Dezenas de empresas brasileiras se comprometeram nos últimos dois anos em neutralizar as emissões de gases poluentes, em especial o dióxido de carbono. A praxe é chegar ao nível em que as compensações se equivalem as emissões (em toda a operação e cadeia de valor) até 2050, com algumas colocando metas de curto e médio prazo. Com metas agressivas de descarbonização no plano estratégico, as empresas agora enfrentam o desafio de executar em ritmo acelerado durante um período de turbulência sem precedentes. Em relatório publicado com exclusividade pelo Prática ESG, a consultoria Bain & Company traz que chegarão primeiro aquelas empresas que tiverem líderes que combinem visão e pragmatismo. Entenda melhor:

No documento, chamado de From Carbon Ambition to Delivery (Na tradução livre, “Da ambição para a entrega”), a consultoria global faz uma análise das emissões das mais de 700 empresas que, até o fim de 2020, haviam se comprometido com as metas definidas pela iniciativa internacional Science Based Targets (SBTi).

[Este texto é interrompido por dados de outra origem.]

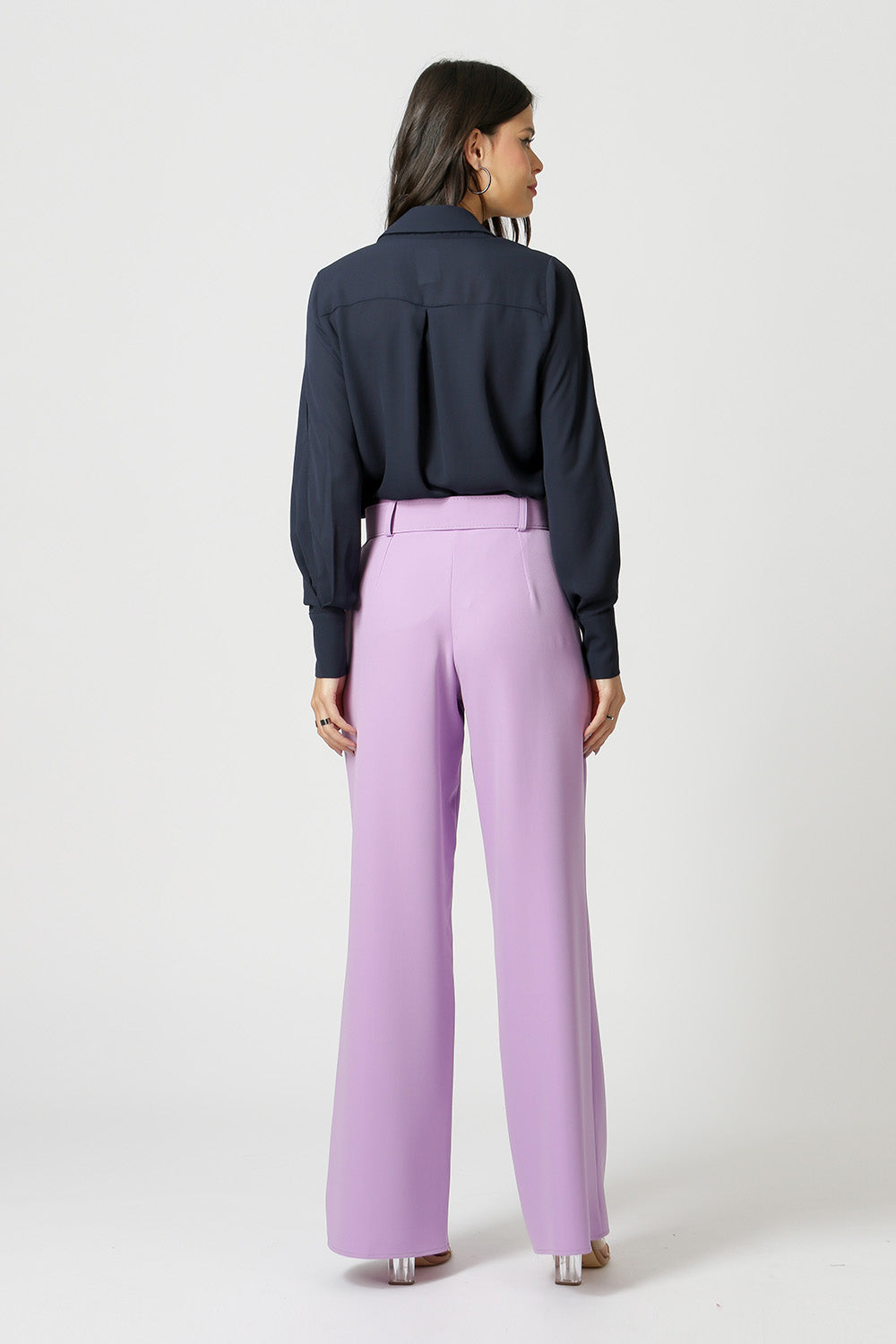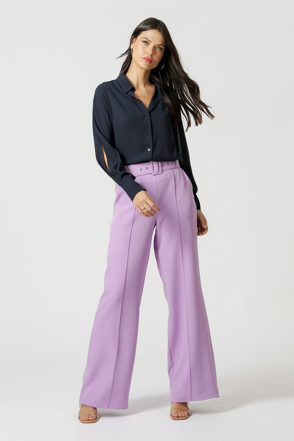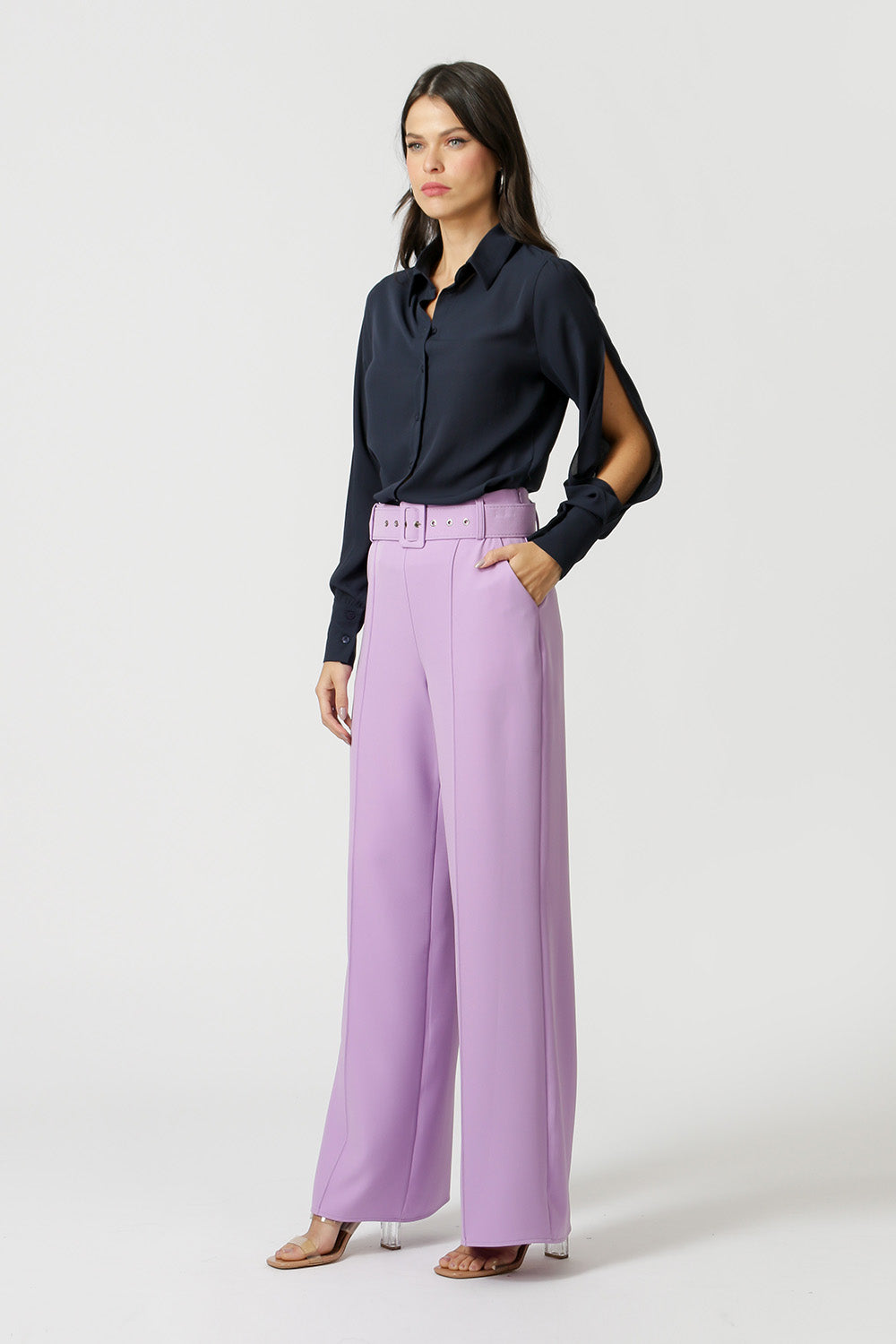 Camisa feita em crepe fluido, com detalhes de abertura na manga. Peça coringa na composição de looks mais formais.
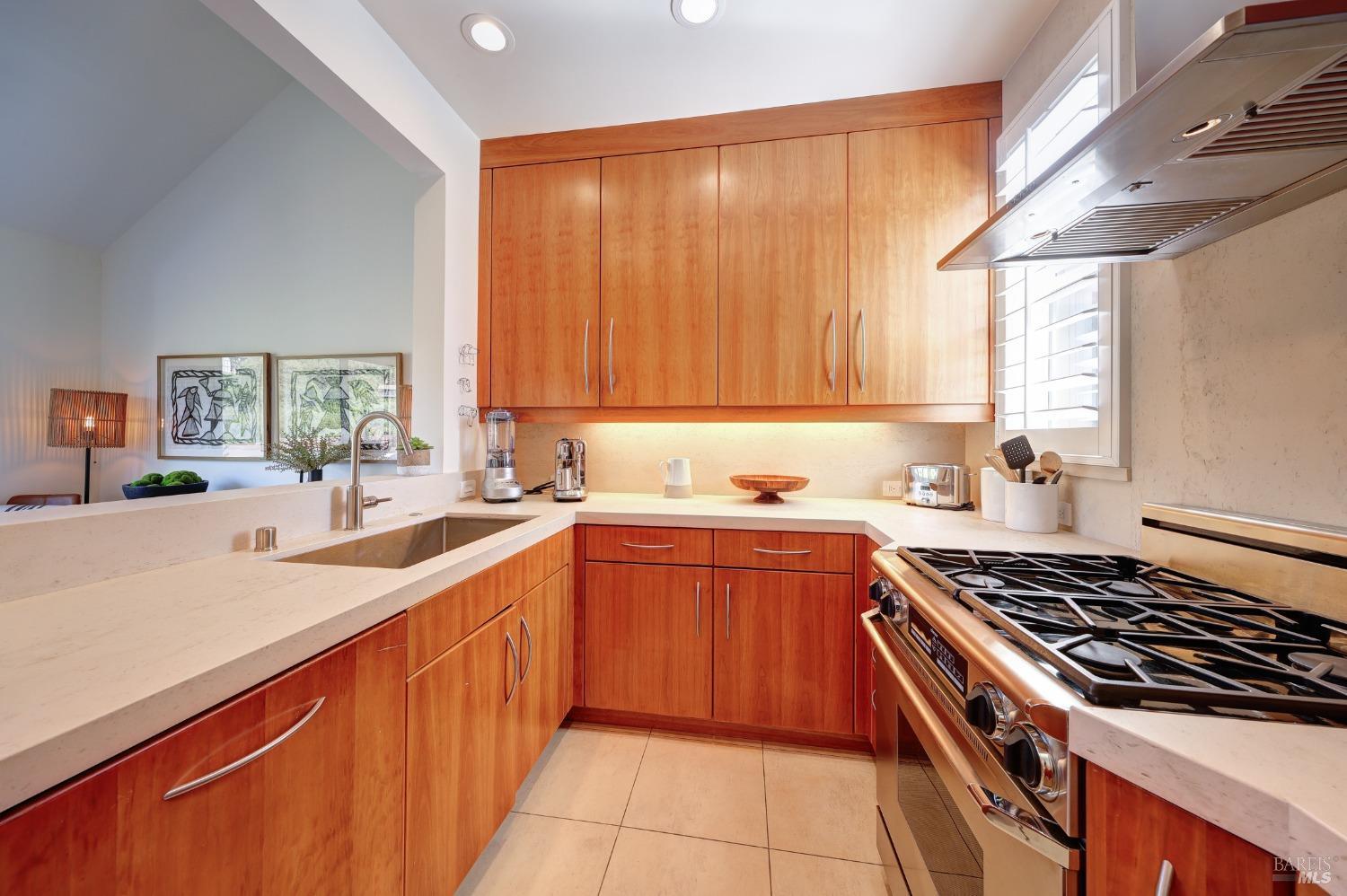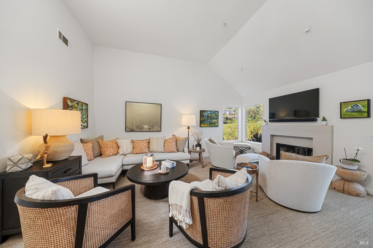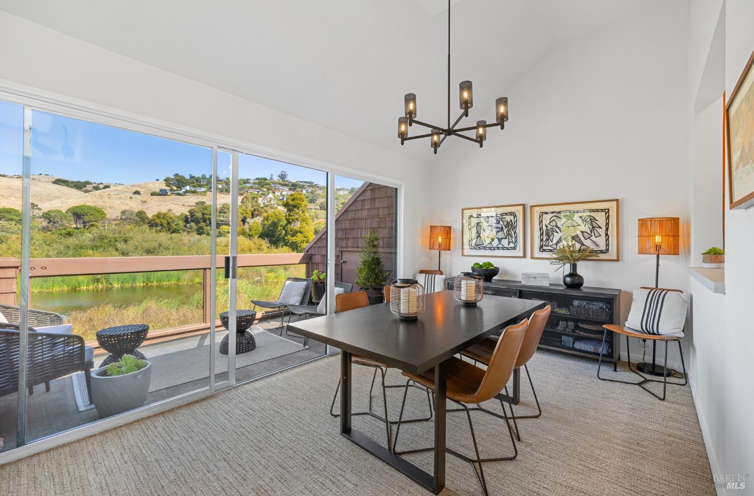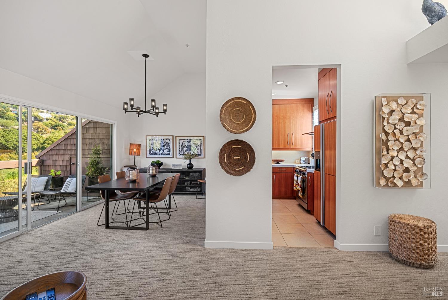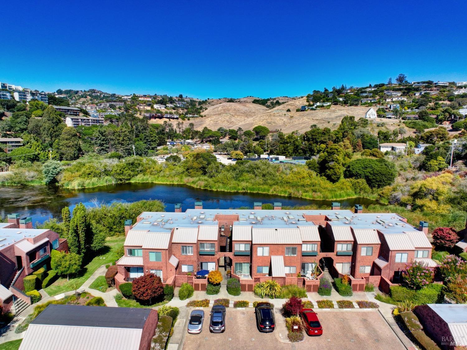 Tranquil living in this tastefully updated upper unit overlooking the Tiburon Lagoon, the rolling hills of Tiburon, and Old St. Hilary's historic church. Elegantly styled and perfectly appointed for an easy lifestyle offering a great open floor plan and an abundance of natural light. Thoughtfully designed living room and dining room combination opens to an invitingterrace. Tastefully updated kitchen with Dekton Denae countertops and Dacor gas range. Light and bright primary suite boasts vaulted ceilings. Both the primary bathroom and guest bathroom are updated with Dekton Denae countertops, trench sinks, and Sigma faucets.Laundry closet with a stacked washer and dryer.1 car detached garage; 1 dedicated parking spot. The community grounds boast mature landscaping, meandering walkways, andlush lawns. Incredible in town location near CVS, the Boardwalk Shopping Center and only blocks to downtown Tiburon's Main Street with boutique shops, gourmet restaurants, San Francisco and Angel Island ferry service, and the shoreline waterfront bike and walking pathway.
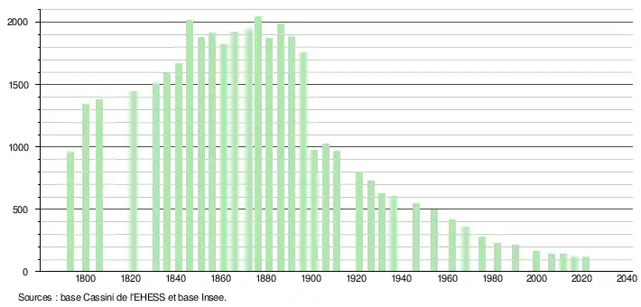 L'évolution du nombre d'habitants est connue à travers les recensements de la population effectués dans la commune depuis 1793. Pour les communes de moins de 10 000 habitants, une enquête de recensement portant sur toute la population est réalisée tous les cinq ans, les populations légales des années intermédiaires étant quant à elles estimées par interpolation ou extrapolation[17]. Pour la commune, le premier recensement exhaustif entrant dans le cadre du nouveau dispositif a été réalisé en 2006[18].
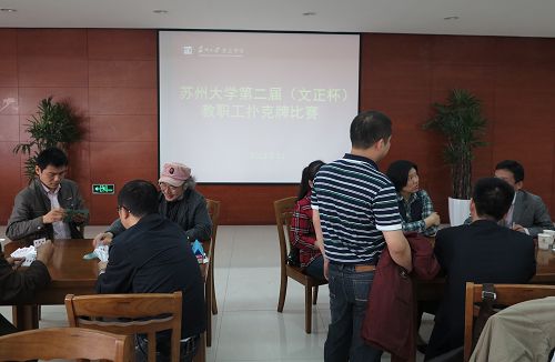 春风拂熙,山水秀媚,5月11日,苏州大学文正学院教工餐厅内笑语喧哗,气氛热烈,苏州大学第二届(文正杯)教职工扑克牌比赛正在这里隆重举行。
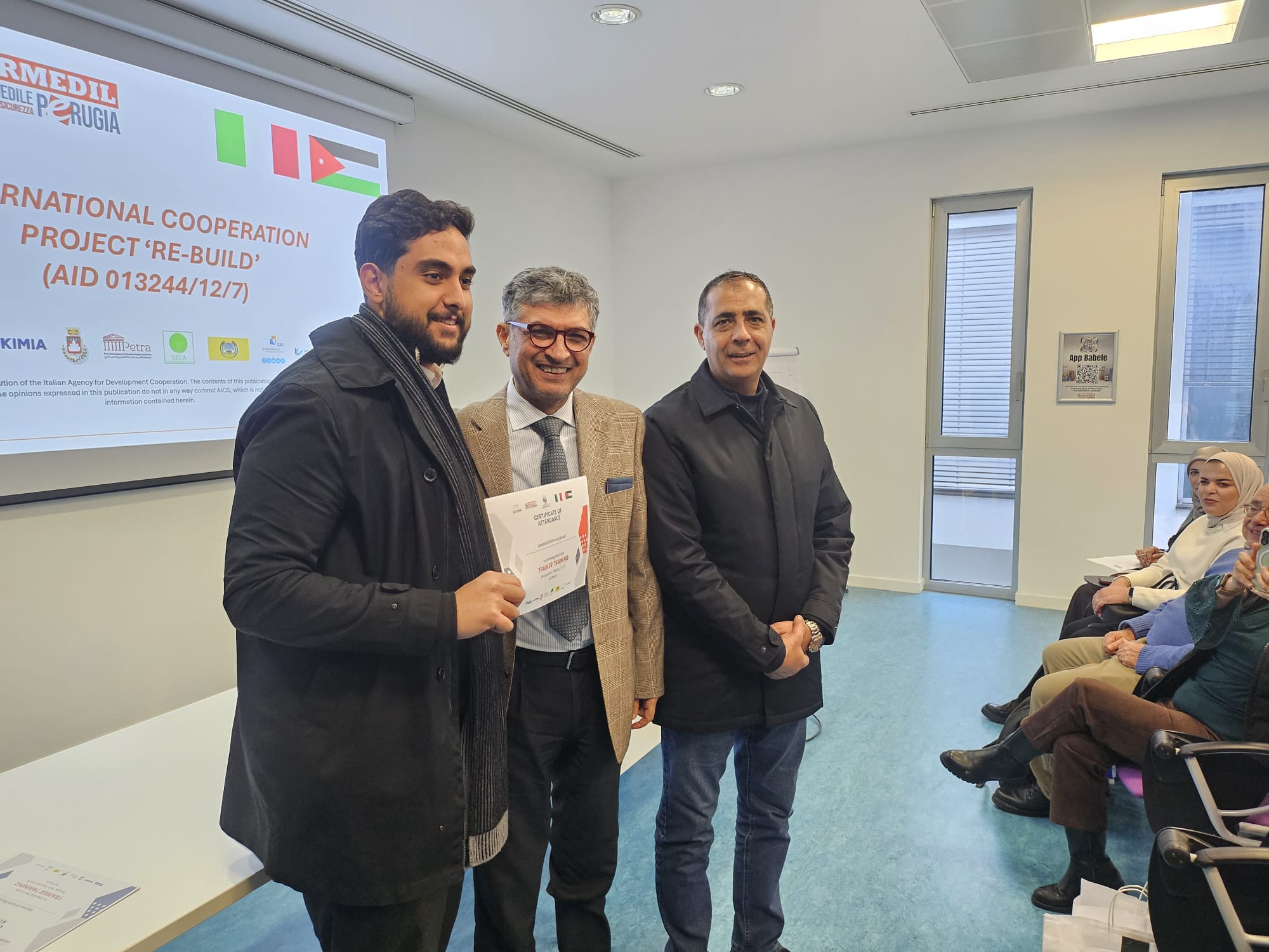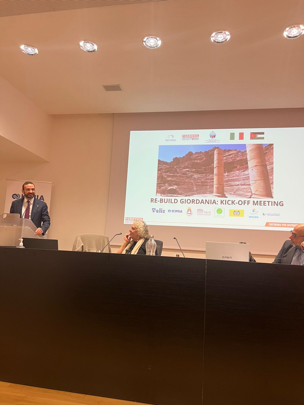 وقد شارك في المؤتمر نخبة من الشركاء الاستراتيجيين من الجانب الأردني ممثلين بنقابة المهندسين والجامعة الألمانية الأردنية وسلطة إقليم البتراء التنموي السياحي وبلدية الكرك فيما مثل الجانب الإيطالي الوكالة الإيطالية للتعاون الإنمائي التابعة لوزارة الخارجية الإيطالية والممول الرئيس للمنحة ومركز البناء الإيطالي وشركة كيميا ومؤسسة إيليس للتوجيه والتدريب المهني حيث رحبت الدكتورة كريستيانا بارتولوتشي مديرة مركز البناء بالوفد الأردني وأكدت على نجاح التجربة القائمة مع المركز الأردني للتأهيل والتدريب مشيرة إلى أنها التجربة الثانية التي أثمرت سابقاً عن ابتعاث 32 مهندساً أردنياً وتأهيلهم كمدربين في السلامة العامة بينما تقام حالياً دورة مكثفة لـ 10 مهندسين من منطقتي البتراء والكرك ليصبحوا مدربين متخصصين في مجال ترميم الآثار

Dois terços (69%) conseguiram cumprir as metas absolutas dos escopos 1 e 2 que estabeleceram para 2020 e relataram por meio do Carbon Disclosure Project, iniciativa para divulgação do avanço nas metas climáticas.

O problema é que para frearmos o ritmo do aquecimento do planeta e limitá-lo a 1,5ºC como se espera, é preciso muito mais que isso. Chegar ao net zero até 2050 requer que as companhias reduzam suas emissões pela metade até 2030, ou seja, daqui a menos de nove anos.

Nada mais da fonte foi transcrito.